Commentary Magazine


Once Upon a Droshky, by Jerome Charyn; and Seven Days of Mourning, by L. S. Simckes

Jewish Camp

Once Upon a Droshky.
by Jerome Charyn.
McGraw-Hill. 222 pp. $4.95.

Seven Days of Mourning.
by L. S. Simckes.
Random House. 113 pp. $3.95.

A few years ago, I belonged to an informal circle at the University of Chicago. Most of us were graduate students in English, either active or lapsed, and most of us were also Jewish. The latter tie was one that we seldom dwelt on as such, so engrossed were we in more immediate problems of identity, one of which was to confirm the belief that we were contemporary literary intellectuals, wholly at home in the society and its culture, as well as the legitimate heirs to at least one period of English or American literature. However, every so often we would let all that go, and at a party or some other boozy occasion, we would begin to turn each other on by telling Jewish jokes. Once the spirit of Jewish exotica descended upon us, we could go on for hours, taking even the chestnuts from adolescence and investing them with elaborate character portrayals, cunning nuances of accent and idiom, bizarre twists of the formerly simple plot line, and even an occasional stab at profundity, furnished by Buber. As a result, the punch line was often the weakest point in the joke, a small mouse of irony all but done in by the exaggerated labors to produce it. However, even when we were not all that amusing to each other we could count on the fascination of the audience who were not Jewish and who seemed to regard their ability to get with the intricacies and intimacies of life behind the tailor shop or in “Rabbi’s study” as an index of their sophistication.

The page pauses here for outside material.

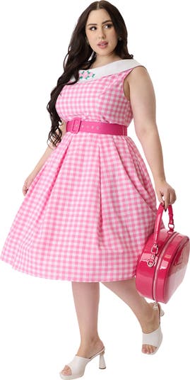 This delightful life-size reproduction of the Dancing Doll dress, originally released in 1965, brings together retro flair and modern fun. The sweet collar adorned with a floral applique adds just the right touch of femininity. Complete with back zipper and side pockets!

No doubt one of the reasons why we carried on in this way was that there was a particular satisfaction in acting on the idea that being Jewish had suddenly become a very interesting thing to be in the eyes of our Gentile friends. This was the period when all of us were reading Bellow, Malamud, Singer, et al. with a great sense of discovery. No doubt, too, these protracted bouts of joke-telling also furnished some relief from the various kinds of protective camouflage we wore from class to class, and from the paper on George Herbert to the one on Henry James. And, of course, these bouts provided a broad opportunity for that admixture of affection and wryness, curiosity and knowingness, sentimentality and scurrility toward things Jewish that appears to be the final reflex of Jewish identity as it sinks beneath the sands of assimilation. However, since most of us comedians were fiction writers manqué, I think that the main incentive and satisfaction were that Jewish character and color and idiom served to spring our imagination: the jokes became a virtually free object of mimicry and fantasy, one that incorporated a range of personal feelings without the pressure of social involvement or the demands of serious representation. In short, what goes by the name just now of “camp.”

_____________

 

All of which brings me to the vogue of contemporary American-Jewish fiction, specifically to two recent examples of it—Jerome Charyn’s Once Upon A Droshky and L. S. Simckes’s Seven Days of Mourning. The jacket copy of each of these first novels emphasizes its close relation to the tradition of Jewish humor and art and also its exuberant inventiveness. The novels themselves are both set in the heartland of Jewishness—the Lower East Side—presented in its most indigenous and “wild” aspects, or at least what remains of them. Charyn’s Once Upon A Droshky is a takeoff on a surviving remnant of the Second Avenue Theater and cafeteria scene as it passes before the eyes and through the memory of an old madcap Yiddish actor. Simckes’s Seven Days of Mourning is contained entirely within a Broome Street flat and provides a slice of Jewish family life so decayed and weird as to belong to nothing so much as the ages and the present. In short, both novels look like the real thing—Yiddishkeit with a modern twist—at least to the foreign eye. I suspect that this is the main reason why they were published by Random House and McGraw Hill respectively, and why both these houses, which pride themselves on their taste as well as enterprise in fiction, should have had high hopes for them. “Jewish” fiction is caviar for the happy few; it is also “seminal” in somewhat the same way that Southern fiction was said to be a decade ago. One imagines that the audience envisioned for these two novels is a mass version of those sharp young intellectual types who were so easily amused and moved by those performances of ours in Chicago.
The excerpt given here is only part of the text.